If there’s anything that Haystack Creamery in Longmont, Colo. knows how to do (besides making delicious cheese), it’s how to work with what they’ve got.
“We’ve had to get really creative working with spaces over the years,” John Scaggs, Director of Sales and Marketing, says. “The cheese room itself is pretty funky.”
According to Scaggs, Haystack Creamery purchased a vat from Sid Cook of Carr Valley back in the 90’s that they continue to use for cheesemaking. They also bought an old spice grinder at a coffee repair shop in Denver. “That’s what we use to grind herbs for chèvre,” Scaggs explains. “It gives the herbs a bright, clean flavor … and saves us money.”
The source of their milk, too, may come as a surprise.

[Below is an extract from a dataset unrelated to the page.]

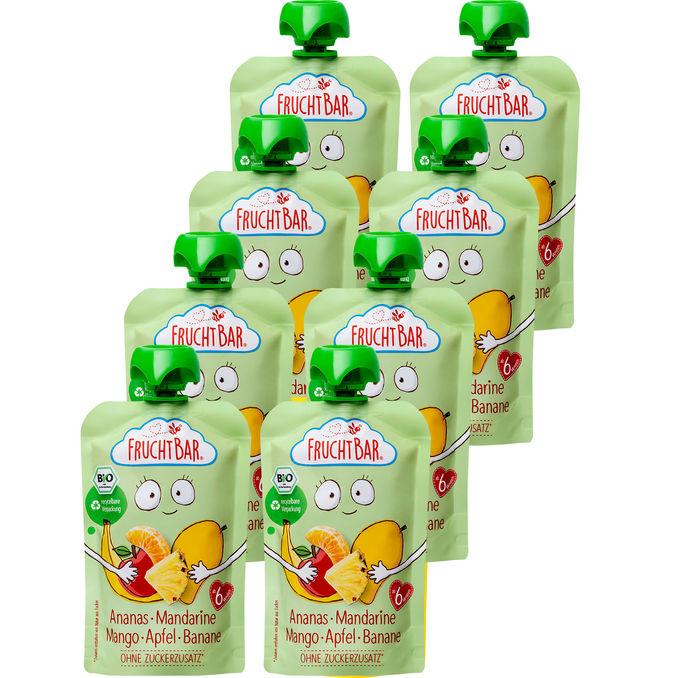 Ein bunter Mix aus Früchten in Bio-Qualität. 🍍🥭🍏🍌 Dieses Fruchtpüree im praktischen 8er-Pack vereint den Geschmack von Ananas, Mandarine, Mango, Apfel und Banane. Es ist eine einfache und nahrhafte Option als Snack für zwischendurch oder als Ergänzung zu Müsli und Desserts. Ein vielseitiges Produkt für alle, die eine schnelle Portion Obst suchen. ✨😋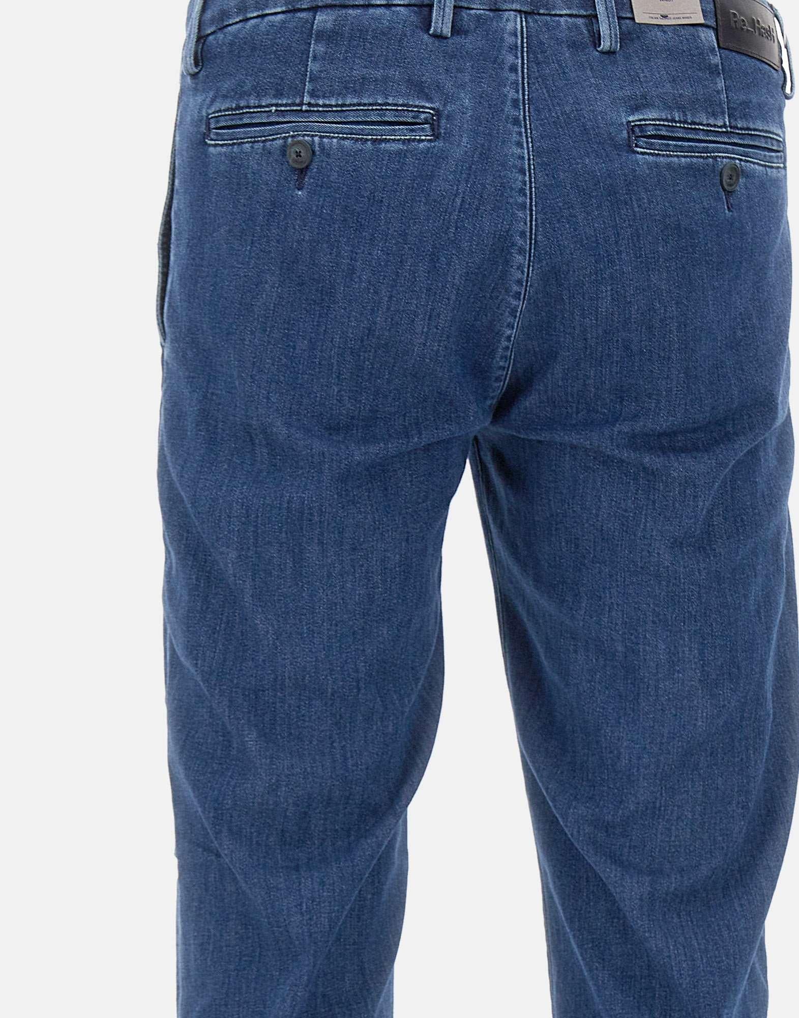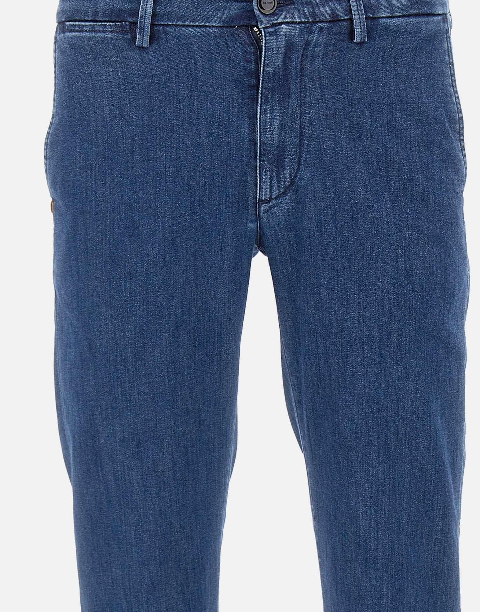 Jeans uomo Re-Hash “Mucha” in cotone, blu scuro, tessuto Tencel ultracomfort, modello cinque tasche, risvolto al fondo, chiusura con zip e bottone, vita regolare con passanti per cintura,regular fit. Made in Italy.

The milk is produced by goats, but processed by inmates at Colorado Correctional Industries, or CCI. Back when Haystack Creamery began in 1989, they searched for a milk producer.
“Colorado doesn’t have the dairy culture that the Northeast does,” Scaggs says. “We had a few small farms that we worked with, but then we heard the CCI had a dairy farm.” Haystack’s founder Jim Schott sold his herd of goats to CCI and worked hand-in-hand with them in developing a parlor and pens. According to Scaggs, CCI and its inmates are a separate entity from Haystack.

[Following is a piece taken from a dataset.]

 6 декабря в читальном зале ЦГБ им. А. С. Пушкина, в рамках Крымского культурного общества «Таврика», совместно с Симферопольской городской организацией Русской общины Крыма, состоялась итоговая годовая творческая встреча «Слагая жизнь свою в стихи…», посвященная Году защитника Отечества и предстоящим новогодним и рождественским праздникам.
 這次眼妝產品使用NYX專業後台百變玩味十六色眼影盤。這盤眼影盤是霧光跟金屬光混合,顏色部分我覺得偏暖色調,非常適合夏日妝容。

“They produce high-quality milk consistently,” Scaggs says of CCI. He adds that though many of the inmates pursue a career in agriculture after their release, the majority of them become involved in an industry that is tangentially related to dairy, such as refrigeration or electric. The program gives them a new skill-set through hands-on experience. Many of the prisoners become deeply involved in the dairy industry while completing the program.

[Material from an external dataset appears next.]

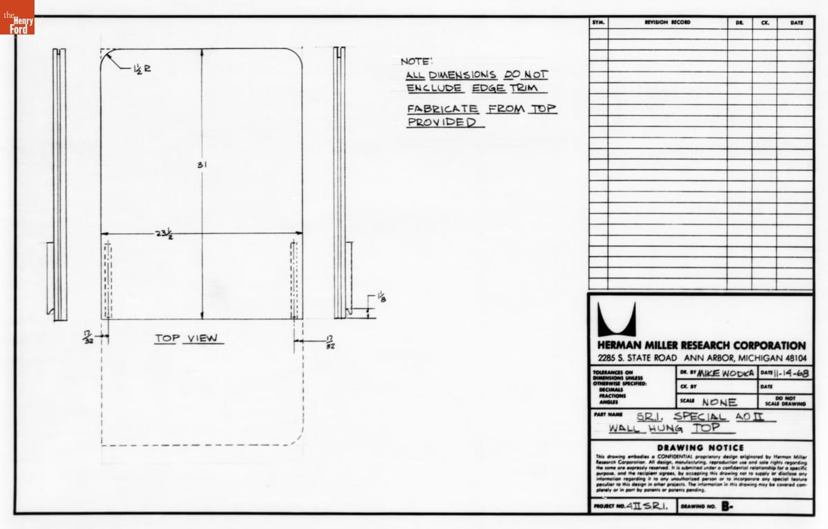 Technical Drawing, "Action Office System S.R.I. Special AOII Wall Hung Top," November 14, 1968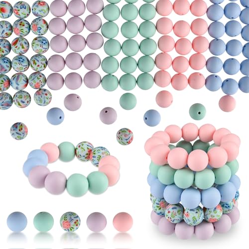 ASTARON 100 st 15 mm silikonpärlor för nyckelringstillverkning, ljusrosa lila blå runda pärlor för armband hantverk pärlbara pennor dekorationer smyckestillverkning fest presenter tillbehör

“I took the whole staff to CCI’s birthing pen and nursery and hung around there for two hours with the inmates,” Scaggs says, “They were going on and on about goats and I could see their faces lighting up. If that’s where I have to go to prison, you can lock me up and throw away the key.”
Haystack Creamery not only engages prisoners to become involved with dairy culture, but the entire surrounding community. Located in downtown Longmont and nestled between the Rocky Mountains, Haystack is known for a deep involvement with local farmers’ markets. “Farmers’ markets are the lifeblood of our company,” Scaggs explains, adding that that Jim Schott sold Haystack’s first cheese at the Boulder County Farmer’s Market back in 1991.
Not much has changed in terms of Haystack’s commitment to local farmers’ markets, but there has been a massive amount of growth in terms of Haystack’s distribution, production, and variety of cheeses. In 1989, there were five goats on Jim Schott’s five-acre farm, and Haystack was producing fresh, creamy, and simple chèvre. In 2003, Haystack outgrew their facility and purchased a 2500-square-foot creamery that they expanded upon in 2005. Head cheesemaker Jackie Chang experimented with different cheeses, first with herb-coated chevres, then with aged raw-milk cheeses (such as Snowdrop and Haystack Peak), aged washed rind cheeses (such as Red Cloud), a mixed goat and cow’s milk cheese, and a cow’s milk alpine-style cheese, among others.
“We’ve been trying to find new ways to keep our cheese room busy and developed some amazing cheeses in the process,” Scaggs says, adding that his personal favorite is the Wall Street Gold, named after a Boulder mine that was the source of gold in the late 1880s. Like the gold found there, this cheese has a beautiful golden color.